Lean into your faith
Recently I opened up to a women in my church about how intensely I struggled with the fear of miscarriage during my pregnancy. She gave me a very wise piece of advice that I would like to share with all of you. The devil places fear in your heart to purposely take away your joy during pregnancy. This phrase really clicked for me. Remember, God chose you to carry this baby. He knew that there would be no better mother for that child than you. God never gives us anything more than we can handle. So, lean into Him during this time. Give those fears to Him and allow Him to wash them away. Pray everyday for yourself, a healthy pregnancy, and that sweet baby inside of you. Let go and let God.

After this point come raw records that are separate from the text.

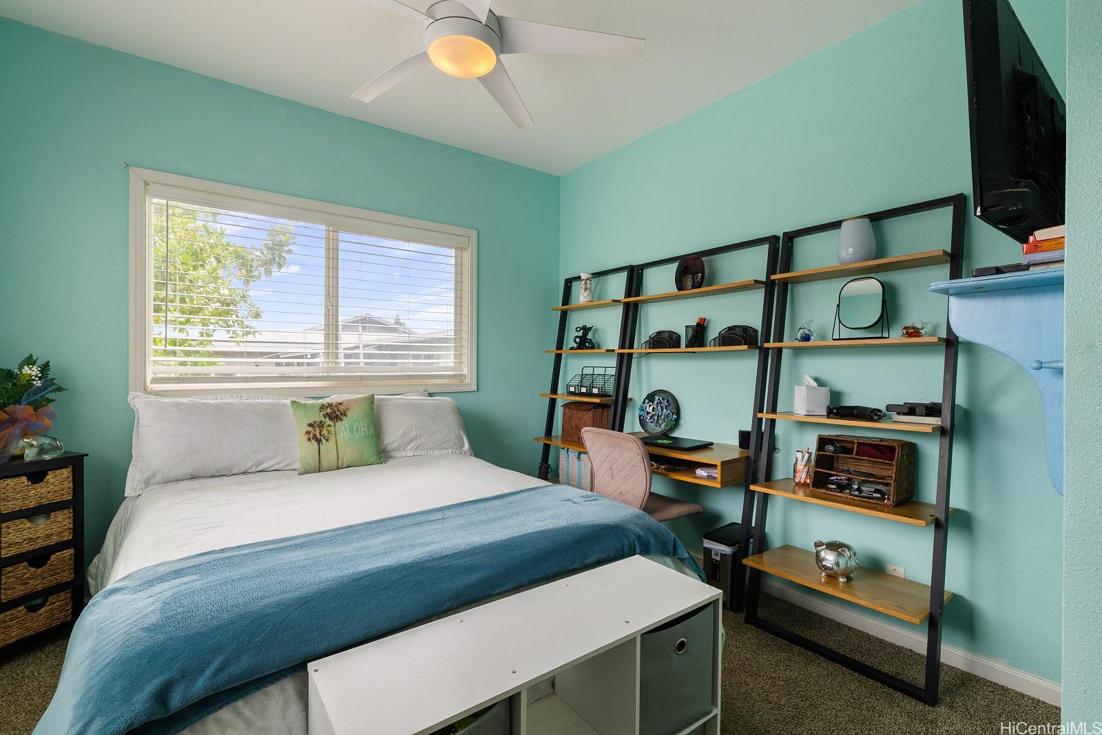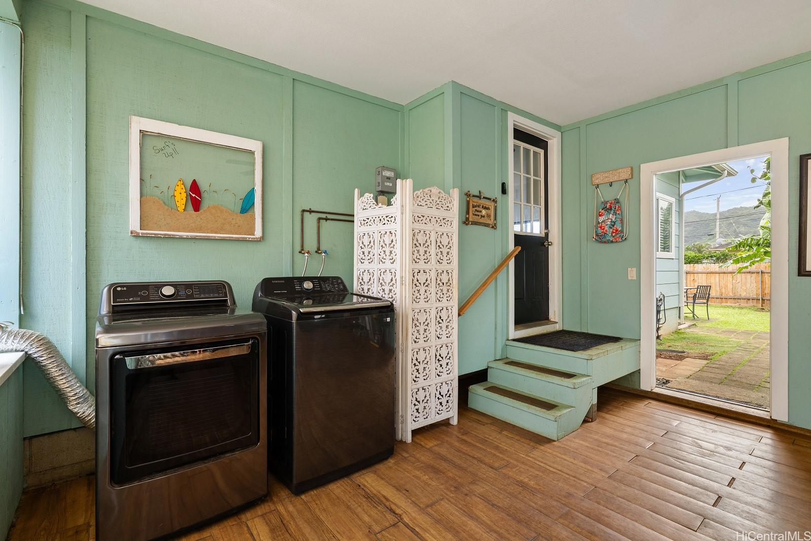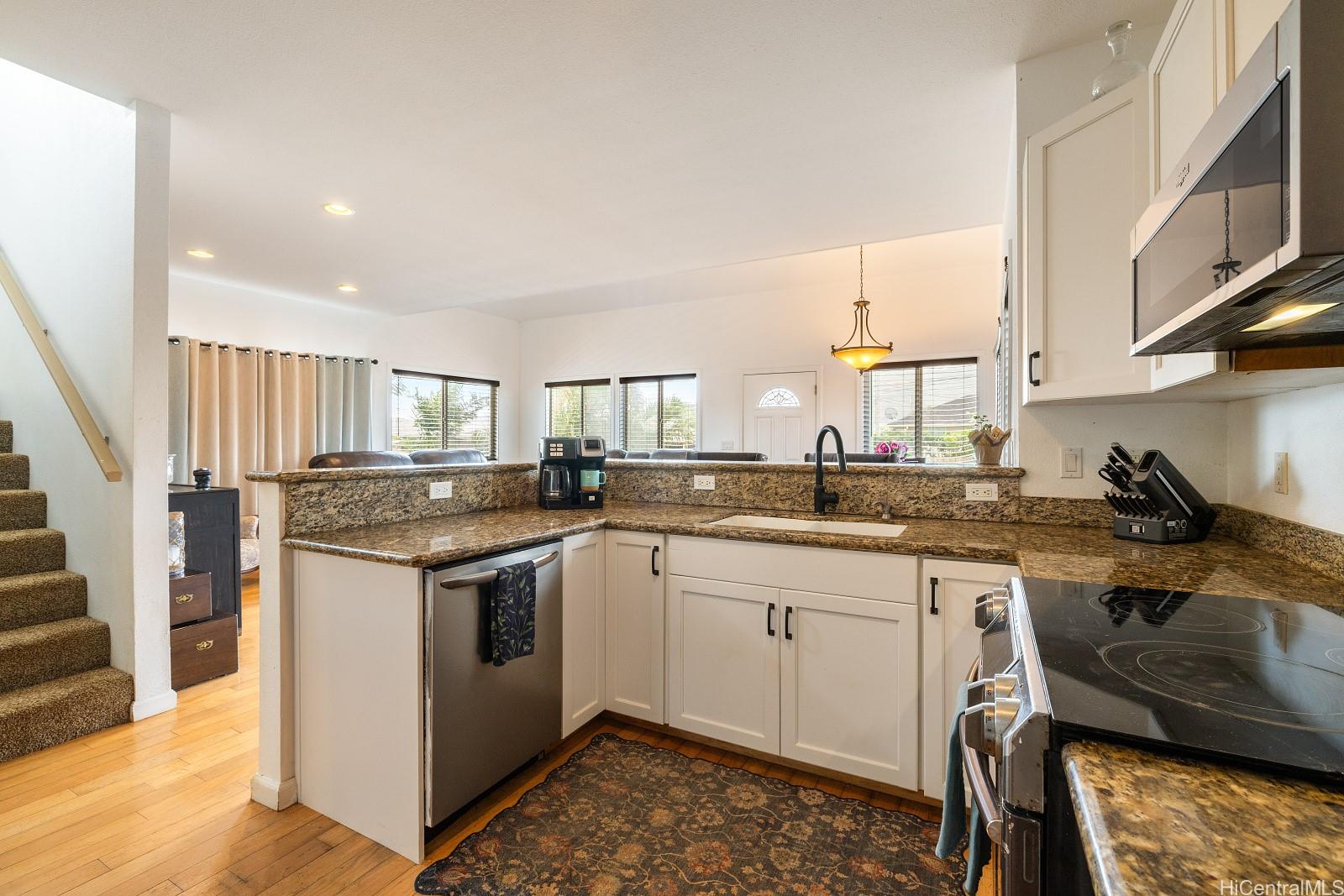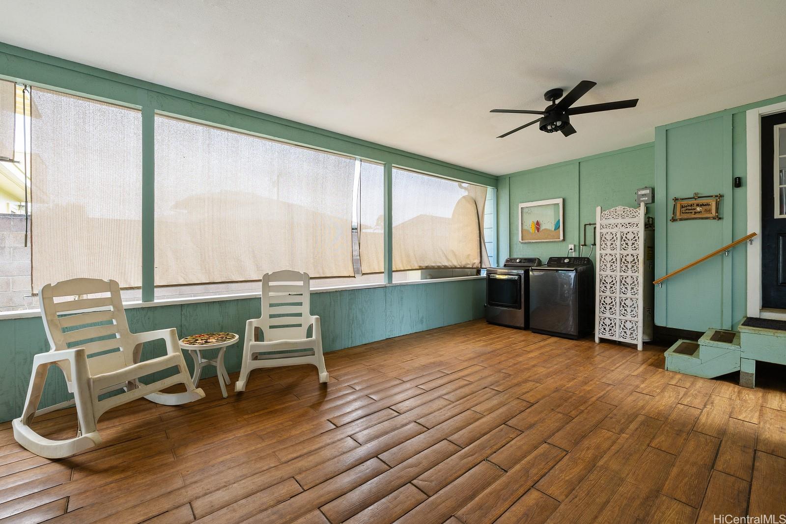 Welcome home to this bright and breezy 3-bedroom, 3-bath residence in the desirable Waiakalua neighborhood of Kaneohe with NO HOA. Abundant windows invite refreshing trade winds and natural light throughout the home, creating comfortable year round island-living.Enjoy a spacious, quiet, fully fenced yard with lush landscaping and a mature Apple Banana tree, perfect for relaxing or entertaining. The open-concept living, dining, and kitchen area features rich hardwood floors, while the kitchen offers granite countertops, ample cabinetry, and generous prep space.A bedroom and full bath on the main level provide ideal flexibility for guests, multi-generational living or home office. Upstairs, the primary suite and guest bedroom each feature private ensuite baths, offering comfort and privacy for all.Enjoy a large two-car garage with parking for 3 more vehicles in the driveway, and a bonus 350+ sq ft covered lanai connecting the garage to the home, perfect for entertaining, workouts, or relaxing outdoor living.Conveniently located near Kaneohe Marine Corps Base, beaches, schools, shopping, dining, and golf courses, this home blends comfort, convenience, and island charm.
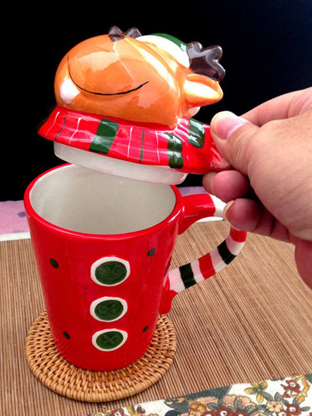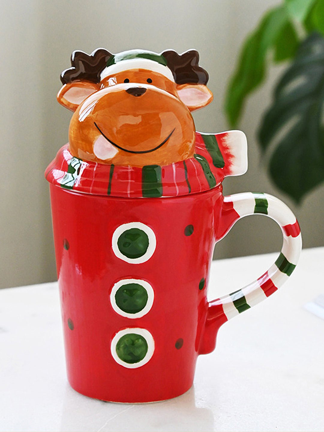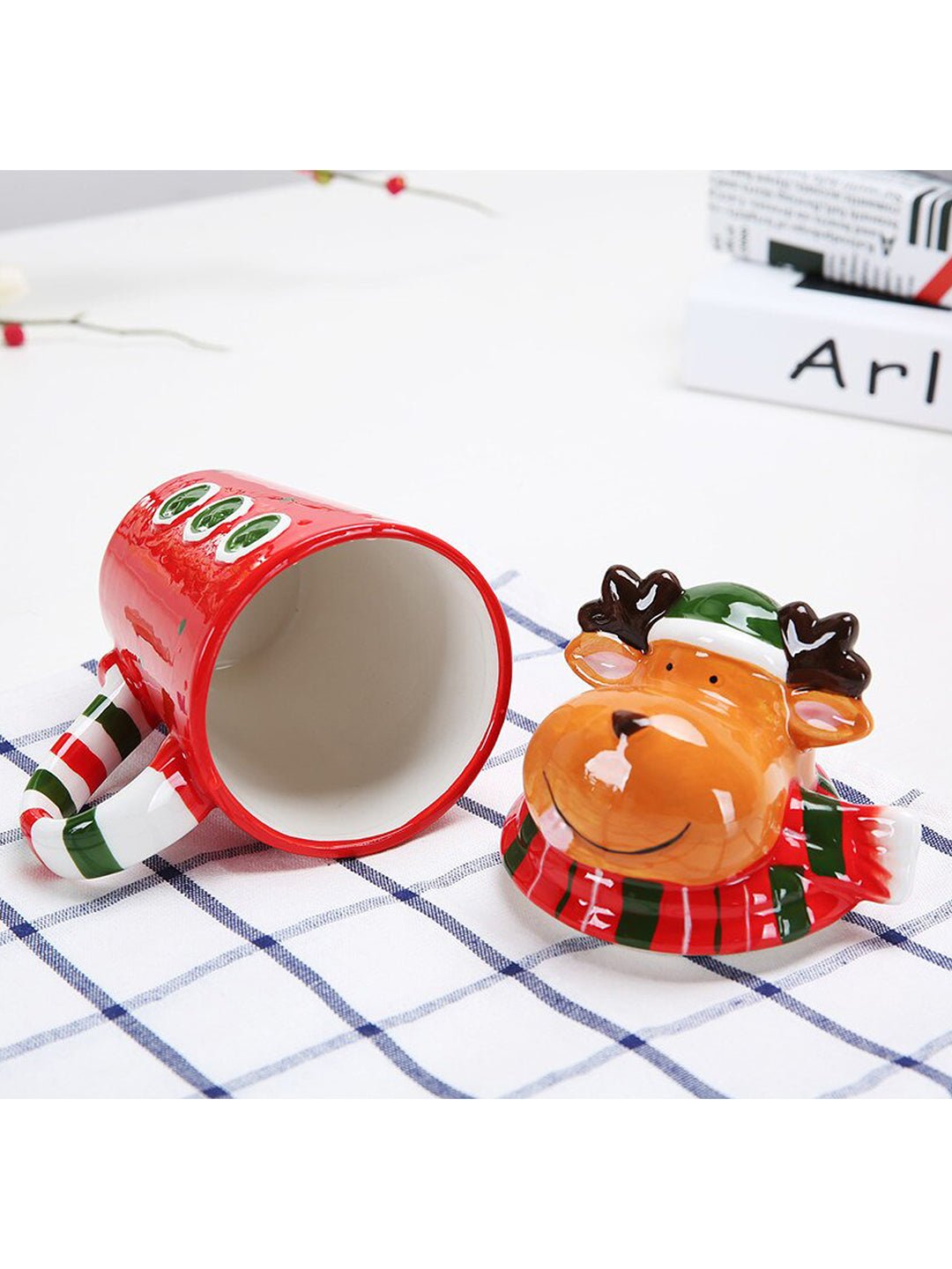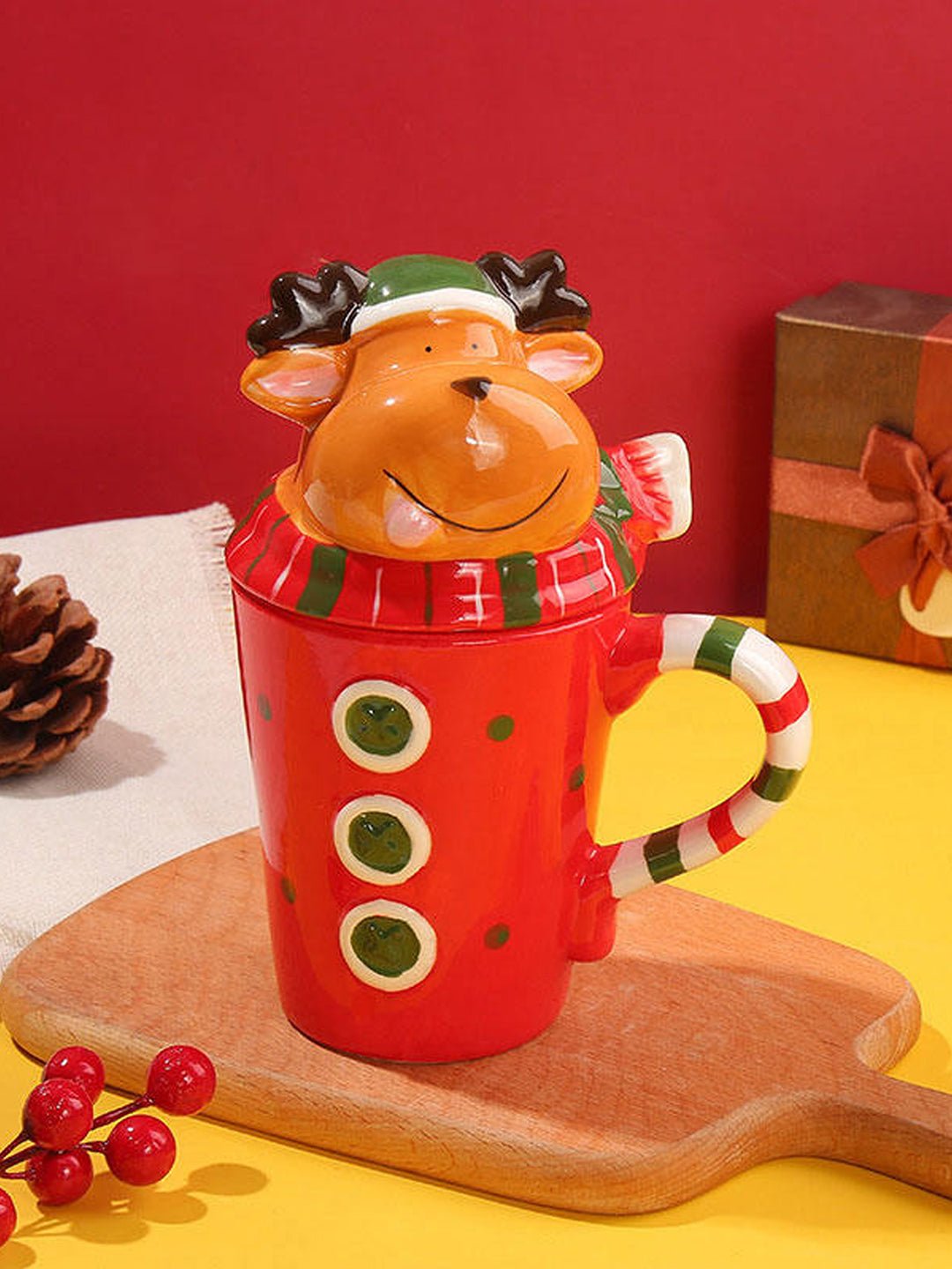 - Design: This beautifully handcrafted ceramic mug features a vibrant red body with button detailing inspired by classic Christmas outfits. The candy-striped handle adds a festive twist, while the highlight of the mug is its 3D Reindeer Ceramic Lid sculpted with adorable details that bring the character to life.
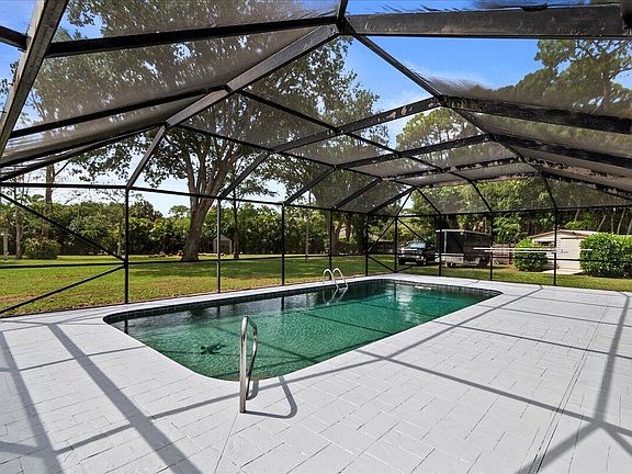 Beautiful 4 bedroom 2 1/2 bath pool home on sprawling 1.17 acres at the end of the cul-de-sac. This property is fully fenced with a side gate access with loads of room to store a boat or RV. No HOA! Features include updated kitchen and bathrooms & separate living, dining and family rooms. Impressive floor to ceiling double sided stone fireplace between the living and family rooms. Perfect place to gather on the holidays or any evening. Splash around in the inviting pool on those hot summer nights or unwind each night on the great covered patio enjoying the view. Well landscaped for privacy and enjoyment. This is a spacious home ready for you to make it your own. Recent Wind Mit & 4 Point inspection available in documents.
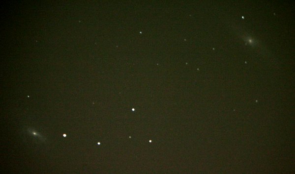 Gar nicht so übel. Es hätten ja mehr Aufnahmen werden sollen, aber der Rest war eine Ansammlung chaotischer kurzer Strichspuren. Ich verbessere das Alignment etwas (anstelle zweier Sterne nehme ich nur einen, offenbar fehlt es an Motivation), leider nicht gut genug. Mein nächster Versuch gilt schwierigen Objekten, M65 und M66 im Löwen. Aus der Stadt?! Mal sehen. Ich gehe mit 1600 ISO ans Werk und "dank" meines lausigen Alignments maximal 20 Sekunden Belichtungszeit. Etwas mehr Bilder sind auswertbar, mit folgendem Ergebnis.

Cast your cares on the Lord and He will sustain you; He will never let the righteous be shaken. Psalm 55: 22
Confide in family or friends
One of the best things I did for myself during my pregnancy was to open up to family and close friends. I was so scared of losing my baby that I didn’t want to tell anyone about the pregnancy. However, when I finally did I felt a sense of relief wash over me. I realized that even if I did lose my baby that I wouldn’t want to suffer through that alone. I would need my family by my side during that time.
You may not be as open as I am and that’s okay. However, if you are comfortable sharing the news I highly recommend it. It’s amazing what having a strong support system around you can do. They were able to build me up, comfort me, and keep me focused on the good. I don’t think I would have been able to overcome my fears without my husband, my family, and my friends.
Keep a journal
I’m a huge fan of journaling. It’s amazing what putting your thoughts on paper can do for your soul. If you are struggling with the fear of miscarriage put those fears down on paper. This will help you process the emotions that you are feeling. It will also help you get those fears out of your head. Don’t just limit your journaling to your fears. Use this to process all of your thoughts and emotions during your pregnancy. Trust me, there will be a lot. One day you be thankful you recorded this time of your life. Your journal will be an excellent place for you to refer back to to remember this special time.
Allow yourself to bond
All to often fear causes us to retreat. It’s natural for fear to make you want to avoid bonding with your baby. Many women feel like it will be less painful if loss occurs. However, I recommend doing the exact opposite. You bond with your little baby until your heart is content. Spend your evenings reading to your belly. Go out and buy a sweet outfit to hang in their closet. Allow yourself to daydream about names and nursery decor. I know first hand how terrifying it is to open your heart up to the pain. However, that baby inside of you will be your child whether you have a miscarriage or not. You will always be a mother. So, don’t ever hesitate from opening your heart up to them.